[Opening Data to use section]

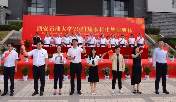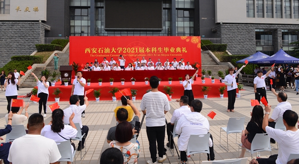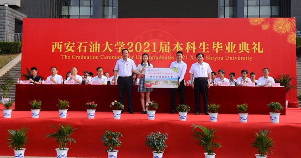 副校长陈军斌宣读了《beat365官方网站关于2021届本科学生准予毕业、颁发毕业证和授予学士学位的决定》,副校长杨战社宣读了《beat365官方网站关于表彰2021届优秀毕业生的决定》,校党委副书记雷西合宣读了《beat365官方网站校友总会关于聘任2021届年级校友理事的决定》。与会校领导为优秀毕业生代表颁发了荣誉证书,为年级理事代表颁发了聘任证书和纪念品,并向毕业生代表赠送了“原油”印章纪念品。
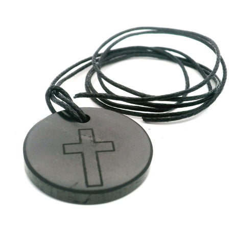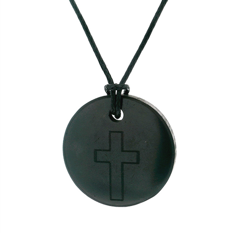 Shungite Necklace On Cord - Engraved with Cross
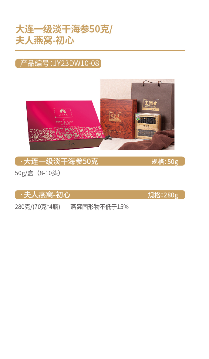 JY23DW10-08-大连一级淡干海参50克+夫人燕窝-初心+
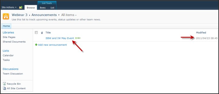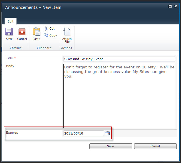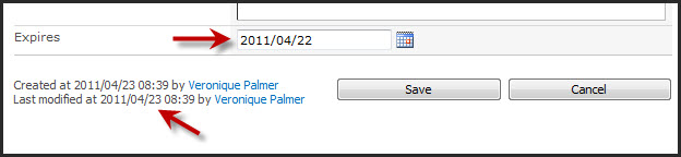 It should be part of your site governance that you always put an expiry date on your item so that when the event / news passes, the announcement no longer displays on the landing page. If you don’t put in an expiry date, you’ll have this endless list of noise all over your landing page. By putting in the expiry date, the announcement will automatically leave the landing page at midnight of that date, and be stored in the library itself instead.
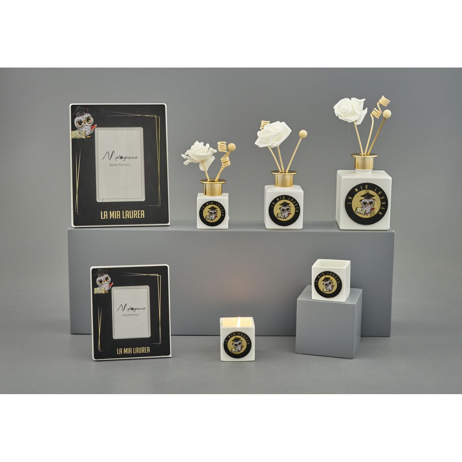Celebra la tua laurea con un tocco di eleganza e originalità grazie al nostro profumatore ambiente con gufetto laureato. Disponibile in tre dimensioni per adattarsi a ogni spazio:
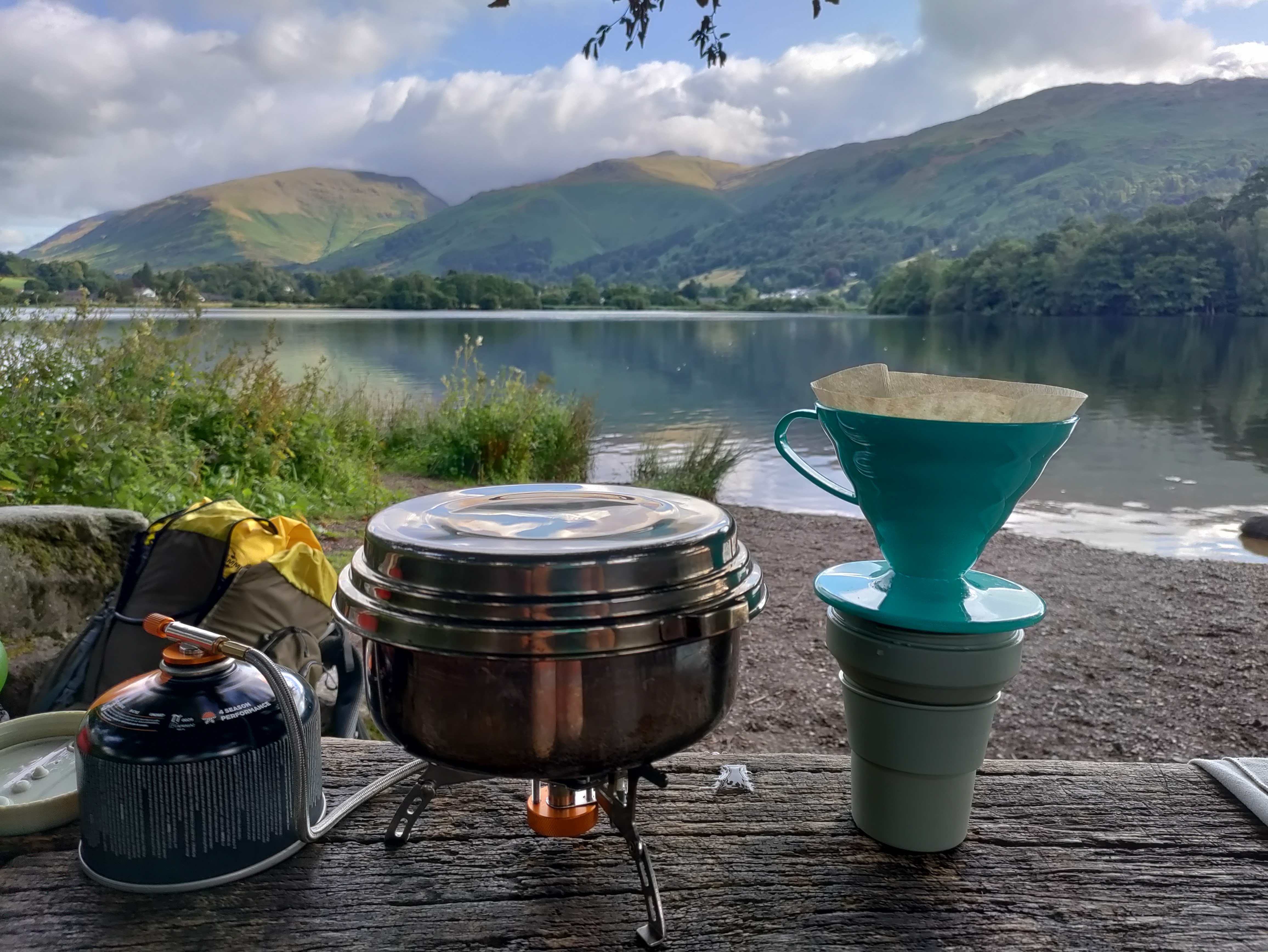 hästi ilus hommik täpselt neli kuud tagasi. ärkasin telgis lähedalasuva künka otsas, käisin kõigepealt Grasmere’is ujumas ja siis keetsin hommikukohvi ja putru. jaa, mul on kohvifiltrid ja filtrihoidja matkal kaasas. need ei kaalu suurt midagi ja rõõmu on neist palju. ja oodake, kuni te mu mokakannu näete.
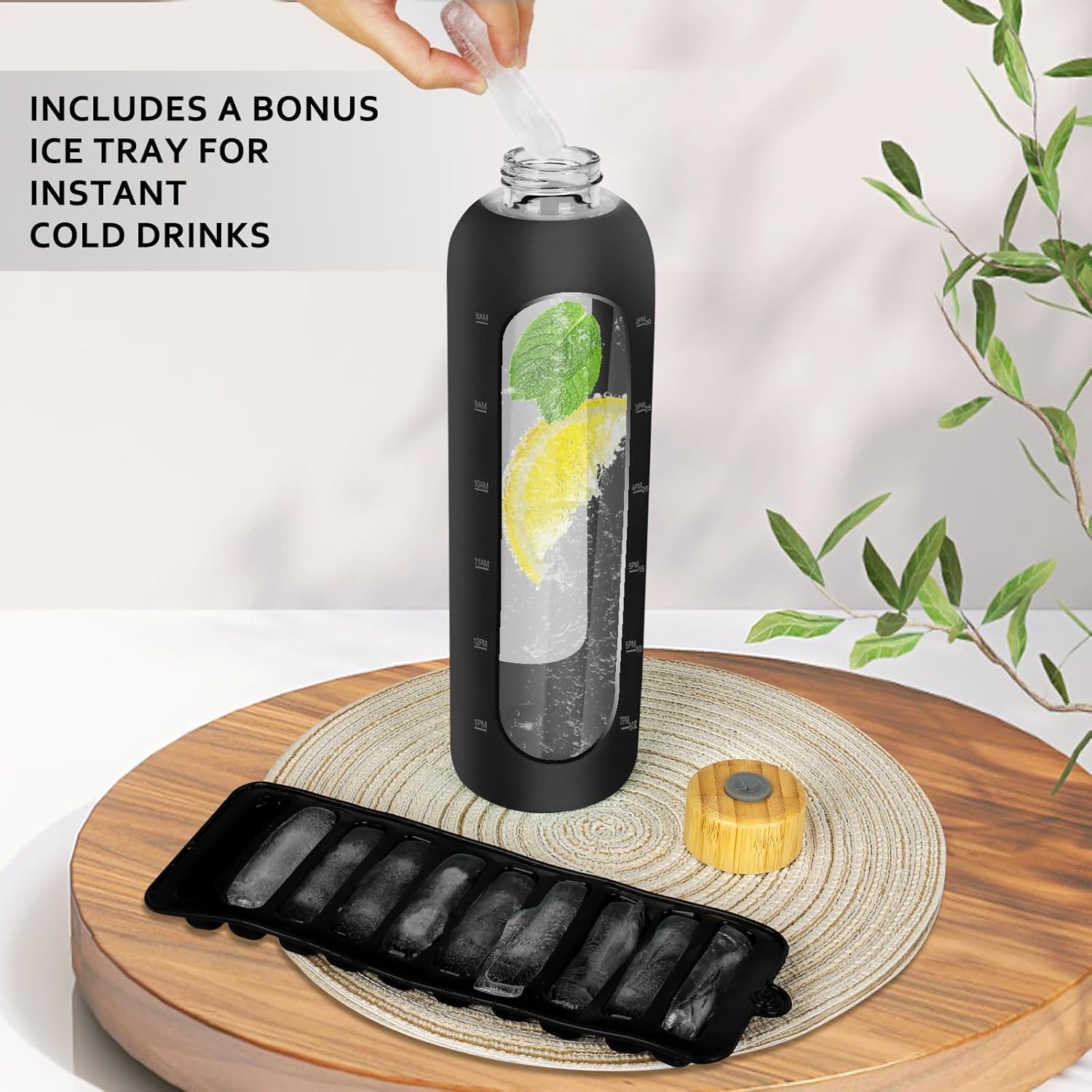 - TRACK DAILY HYDRATION GOALS: Stay on top of your water intake with this glass water bottle with time marker, featuring clear volume indicators. Whether you're at work or exercising, it’s a simple, effective tool to meet your health and hydration goals.

[Closing Data to use section]

Before you finish, make sure every line above has been repeated exactly and no picture remains in the copy.

> **Answer to the problem**
 副校长陈军斌宣读了《beat365官方网站关于2021届本科学生准予毕业、颁发毕业证和授予学士学位的决定》,副校长杨战社宣读了《beat365官方网站关于表彰2021届优秀毕业生的决定》,校党委副书记雷西合宣读了《beat365官方网站校友总会关于聘任2021届年级校友理事的决定》。与会校领导为优秀毕业生代表颁发了荣誉证书,为年级理事代表颁发了聘任证书和纪念品,并向毕业生代表赠送了“原油”印章纪念品。
 Shungite Necklace On Cord - Engraved with Cross
 JY23DW10-08-大连一级淡干海参50克+夫人燕窝-初心+
 It should be part of your site governance that you always put an expiry date on your item so that when the event / news passes, the announcement no longer displays on the landing page. If you don’t put in an expiry date, you’ll have this endless list of noise all over your landing page. By putting in the expiry date, the announcement will automatically leave the landing page at midnight of that date, and be stored in the library itself instead.
Celebra la tua laurea con un tocco di eleganza e originalità grazie al nostro profumatore ambiente con gufetto laureato. Disponibile in tre dimensioni per adattarsi a ogni spazio:
 hästi ilus hommik täpselt neli kuud tagasi. ärkasin telgis lähedalasuva künka otsas, käisin kõigepealt Grasmere’is ujumas ja siis keetsin hommikukohvi ja putru. jaa, mul on kohvifiltrid ja filtrihoidja matkal kaasas. need ei kaalu suurt midagi ja rõõmu on neist palju. ja oodake, kuni te mu mokakannu näete.
 - TRACK DAILY HYDRATION GOALS: Stay on top of your water intake with this glass water bottle with time marker, featuring clear volume indicators. Whether you're at work or exercising, it’s a simple, effective tool to meet your health and hydration goals.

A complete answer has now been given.